Shit, I think I might be a crier, too.

Neither of her parents initiated the interview with the paper, though they agreed to it because their daughter asked them to do it and they thought it was a good decision to, as a public family, make this aspect of their lives public on their terms, rather than the terms of a newspaper like the Boston Herald. Said Deval and his wife Diane:

And while Katherine is comfortable with her very public coming out, her parents remain wary. Patrick's misgivings stem partly from the fact that his daughter wouldn't do an interview to announce that she is straight. "But the world is such and my job is such that rather than have someone do a 'gotcha' and our giving the misimpression that this wasn't completely natural in our family, then we thought, 'Alright, let's just say it and move on,'" he says.

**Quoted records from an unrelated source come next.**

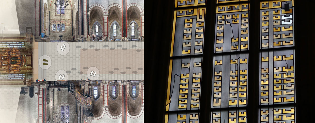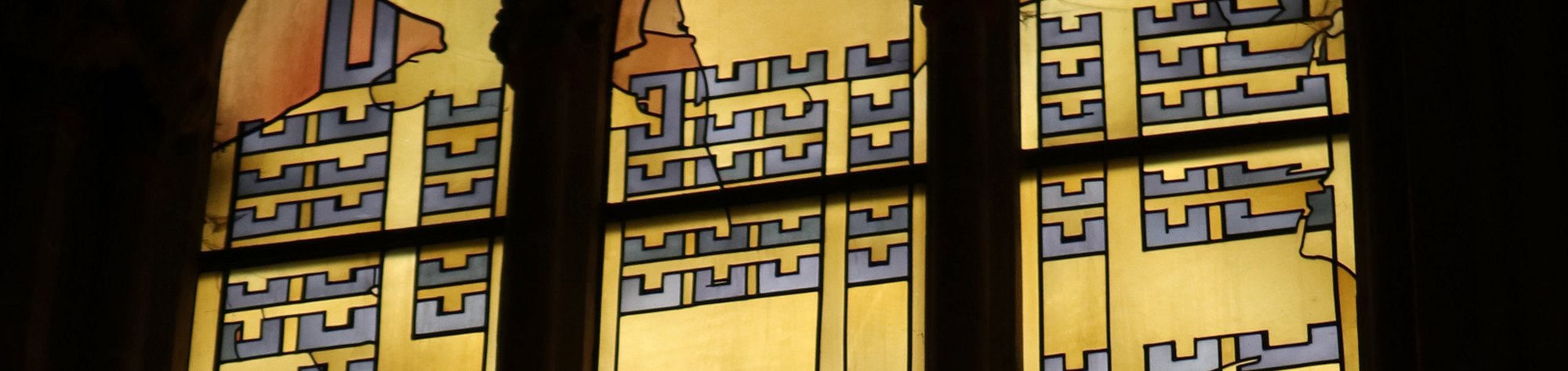Prägendes Element in den modernen Glasfenstern ist die nach oben offene Klammer – ein Sinnbild für den Menschen, der die Arme zum Himmel aufhebt.
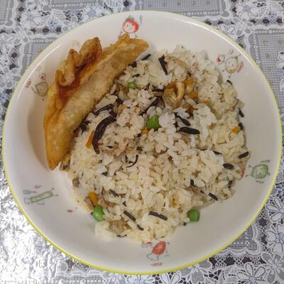 ひじきの風味に油揚げの味わいが程よく行き渡っていて、お米の炊き加減も丁度いいひじきご飯。ニンジンにインゲンの彩りもきれいです。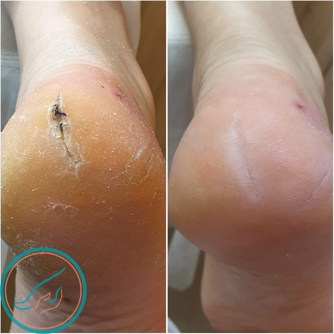 Глубокие трещины на пятке, до и после обработки в Центре подологии
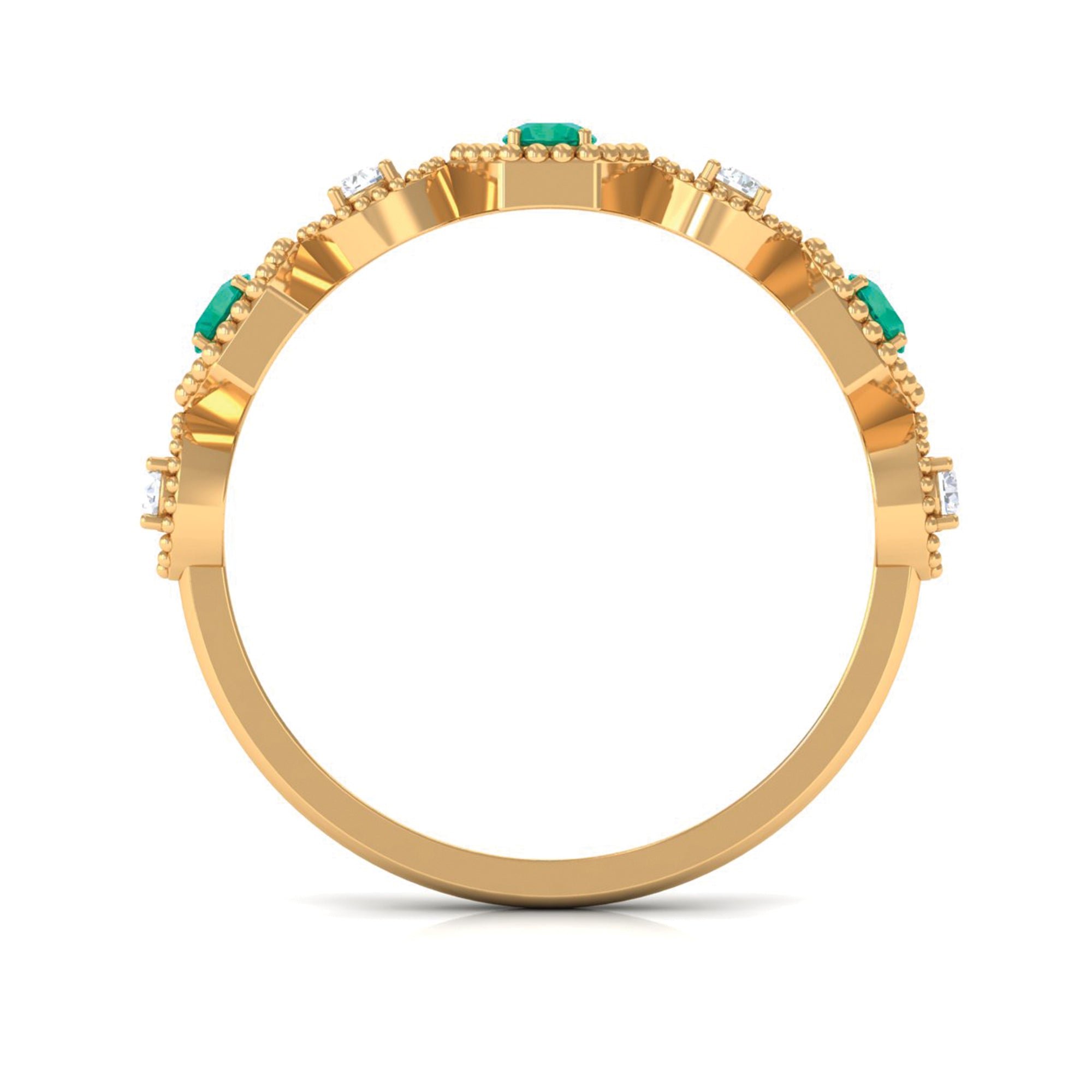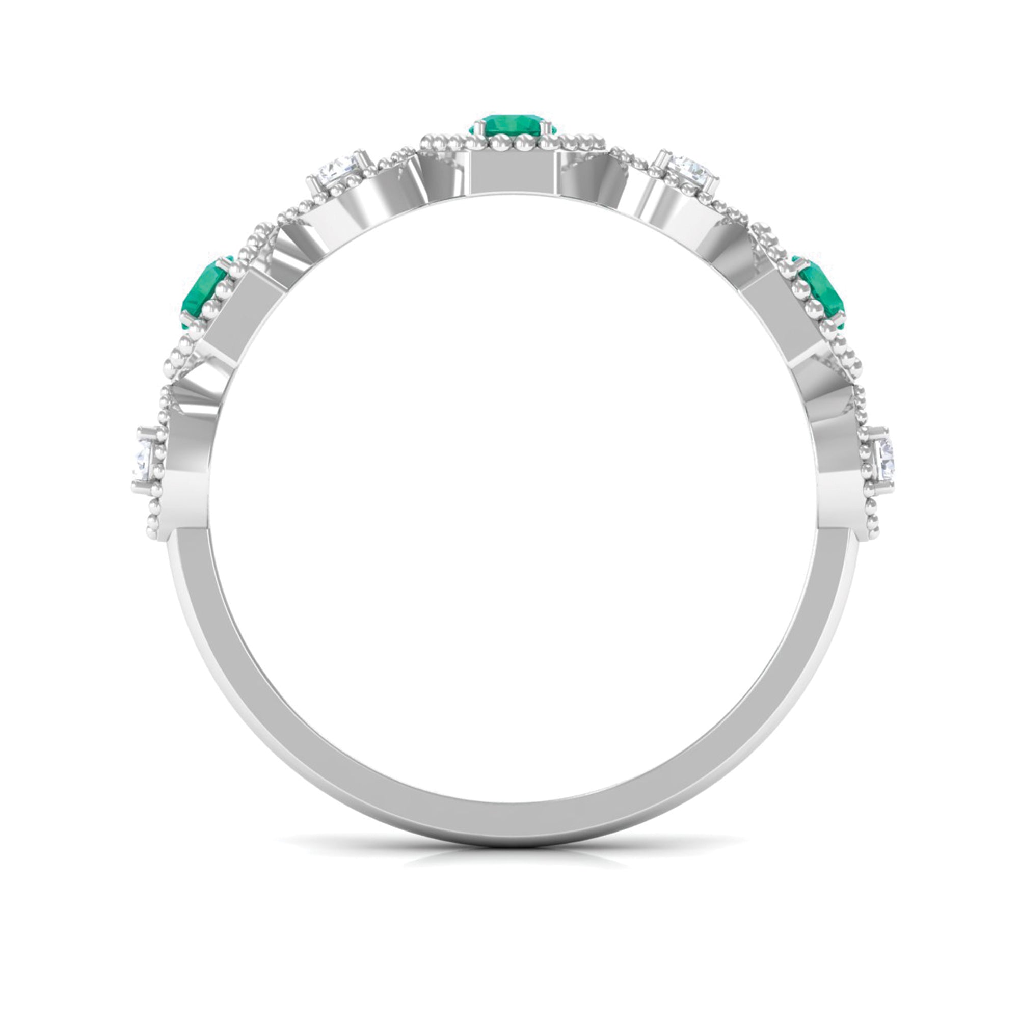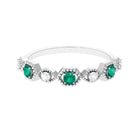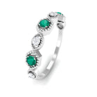 Certified Natural Emerald Art Deco Half Eternity Ring with Diamond

Diane's concerns stem from a mother's instinct to protect her daughter and her desire to keep both of her daughters "from the burdens of public life." It's why she doesn't see herself becoming the proverbial PFLAG parent and advocating publicly for LGBT issues. "This issue involves one of my children and I have really wanted them to not have to feel, frankly, answerable to the public and I still don't want it," Diane explains. "As a mother my instinct is to protect my children from discomfort and so that would be the reason why I would not relish [an advocacy] role, because it would be about her."

In that aspect, she's totally right. Who among us straight Jezebels had to announce our sexual preference to our parents? Who had to even discuss it, unless you got caught doing something? The only conversation I ever had about my sexual proclivities with my parents at that age was one in which my mother demanded my father ascertain from me which of my dude friends I was fucking (she was sure it was at least 3 of them), a conversation that ended up with me yelling at him that I was offended that they thought I was such a slut and we never talked about it again. For the record, Dad (since I know you're reading), I was sleeping with Dennis. Sorry. But it wasn't any of your business, anyway.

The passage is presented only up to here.